Her father Charles was one of the largest private landowners in Zimbabwe, and was reported to own  of land. He maintained business ties with controversial politician Webster Shamu, of whom he has said, "I am in partnership with a person who I personally like and get along with. I am not involved in politics in any way." After being criticised by the press, however, Davy sold his share in the business.

Career

Education 

Davy was briefly educated at Cheltenham College. Prior to this she attended Girls College in Bulawayo, Zimbabwe  (not Cheltenham Ladies' College as has been widely reported), before moving to Stowe School in Buckinghamshire. She received a bachelor's degree in economics from the University of Cape Town in 2006, and a law degree (LLB) from University of Leeds in 2009. In September 2011, Davy began work as a trainee solicitor at London law firm Allen & Overy.
In late 2014, however, Davy decided to quit her position at the firm.

Jewellery

After studying at the Gemological Institute of America, Davy launched a jewellery brand, Aya, in July 2016.

Travel
In 2020, Davy announced that Aya would be branching out into the luxury travel sector to organise African holidays, in an interview with Tatler Magazine. She then announced the launch of Aya Africa on Instagram.

Personal life

Davy married hotelier Sam Cutmore-Scott and gave birth to their son, Leo, in early 2022.

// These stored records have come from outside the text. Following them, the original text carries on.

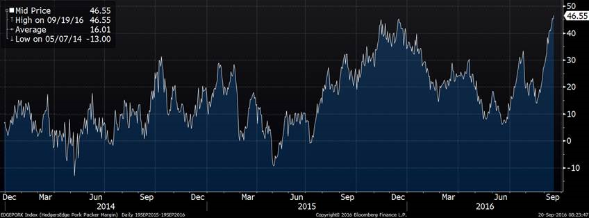 Les abattages de la semaine dernière est de 2.36 M têtes ce qui n’est pas tellement loin de la capacité d’abattage (environ 2.45M)… et nous sommes seulement au mois de septembre. Il y a donc beaucoup d’inquiétude face à la situation pour décembre prochain. Le rapport Hogs & Pigs du 30 septembre sera déterminant pour la prévision des abattages du mois de décembre.
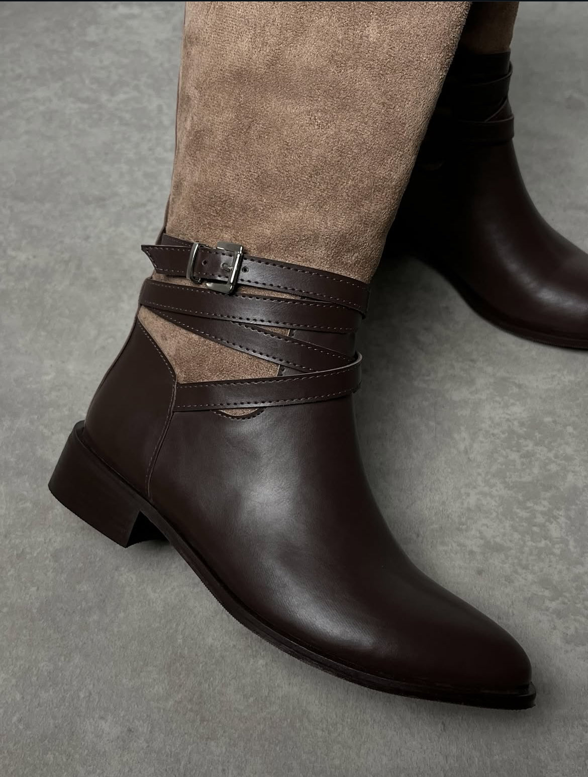 - Detay: Çapraz kayış tokalı, binici tipi uzun çizme
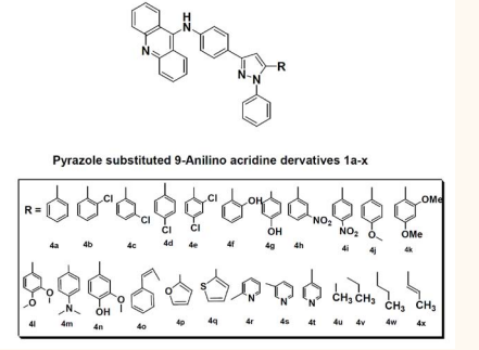 In the same context, acridines have various biological activities like antimicrobial [1], antioxidant [2], anticancer [3-5], antimalarial [6], analgesic [7], antileishmanial [8], antinociceptive [9], acetyl cholinesterase inhibitors [10] and antiherpes [11] etc. Amsacrine is the known compound of 9-anilinoacridines series, which was the first DNA-intercalating agent to be considered as Topoisomerase II inhibitor. Several detailed SAR studies of acridine-based DNA-intercalating agents suggest that, the mode of binding is important and the chromophore intercalate with DNA base pairs. The chemical modifications of 9-aminoacridines by the introduction of various substitutions were allowed expansion of research on the structure activity relationship to afford new insight into molecular interactions at the receptor level [12]. In fact, it is well established that slight structural modification on 9-anilinoacridines may bring various pharmacological effects. Similarly pyrazole derivatives are also reported for various biological activities [13,14] like antimicrobial, anticancer etc. In continuous of our previous research work [15-18], on searching new potent antimicrobial and cytotoxic agents, we have designed 9-anilinoacridine analogues bearing the N-Phenyl pyrazole residue on anilino rings for Topoisomerase II inhibition by molecular docking studies by using by using Schrodinger suite-2011 Maestro 9.2 version. The results revealed that the newly designed heterocyclic substituted 9-anilinoacridine analogues exhibited good inhibition with topo II. Generally the Topoisomerase II inhibitors exhibit antibacterial and cytotoxic activities.
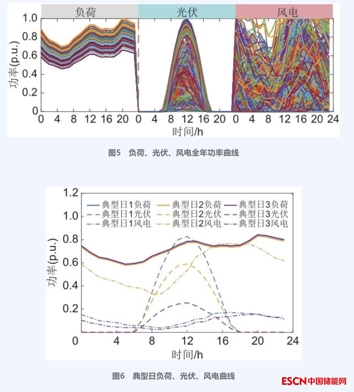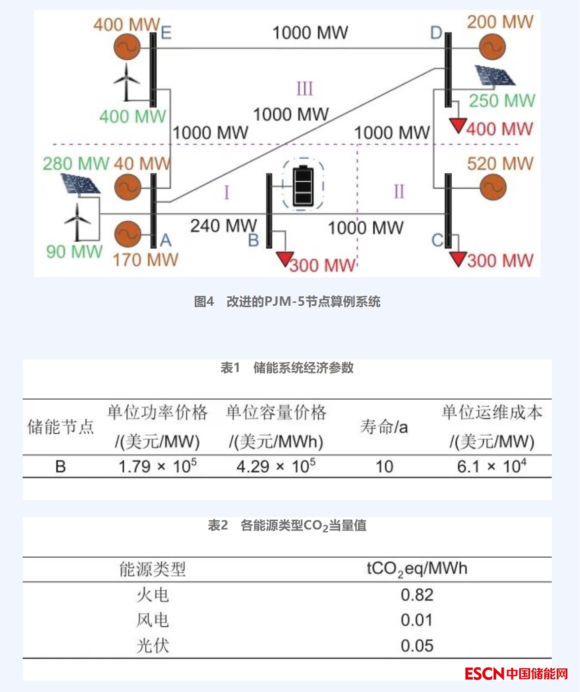 本文采用修改的PJM-5節(jié)點(diǎn)系統(tǒng)進(jìn)行仿真算例分析,如圖4所示,算例系統(tǒng)包含5臺(tái)火電機(jī)組,風(fēng)力和光伏發(fā)電各2臺(tái),火風(fēng)光總裝機(jī)容量分別為1330 MW、490 MW和530 MW,系統(tǒng)最大總負(fù)荷1000 MW。算例PJM-5節(jié)點(diǎn)系統(tǒng)分為3個(gè)控制區(qū),區(qū)域Ⅰ的B節(jié)點(diǎn)配置儲(chǔ)能,其技術(shù)參數(shù)圖片、圖片為0.95,圖片、圖片分別為0.1和0.9,其經(jīng)濟(jì)參數(shù)如表1所示。碳足跡約束中各能源類型的CO2當(dāng)量值如表2所示。單位電量的懲罰系數(shù)圖片取100(p.u.,標(biāo)幺值)。算例負(fù)荷、光伏、風(fēng)電全年功率曲線如圖5所示,通過對其進(jìn)行聚類,得到3個(gè)典型日的功率時(shí)序曲線如圖6所示,各典型日天數(shù)分別為135、128、102天。

Relationship with Prince Harry 
Davy had what the press described as a "turbulent" relationship with Prince Harry, a member of the British royal family.  The pair met in early 2004 while Davy was a boarder at Stowe School, and were in an on-again, off-again couple until May 2010. Davy announced the end of the relationship on Facebook.

In 2011, addressing rumours of a possible reconciliation, Prince Harry publicly professed himself "100 percent single", and Chelsy, who attended the wedding of Prince William and Catherine Middleton on 29 April 2011, stated that she would not marry Prince Harry due to the rising incompatibility of their life choices within the relationship.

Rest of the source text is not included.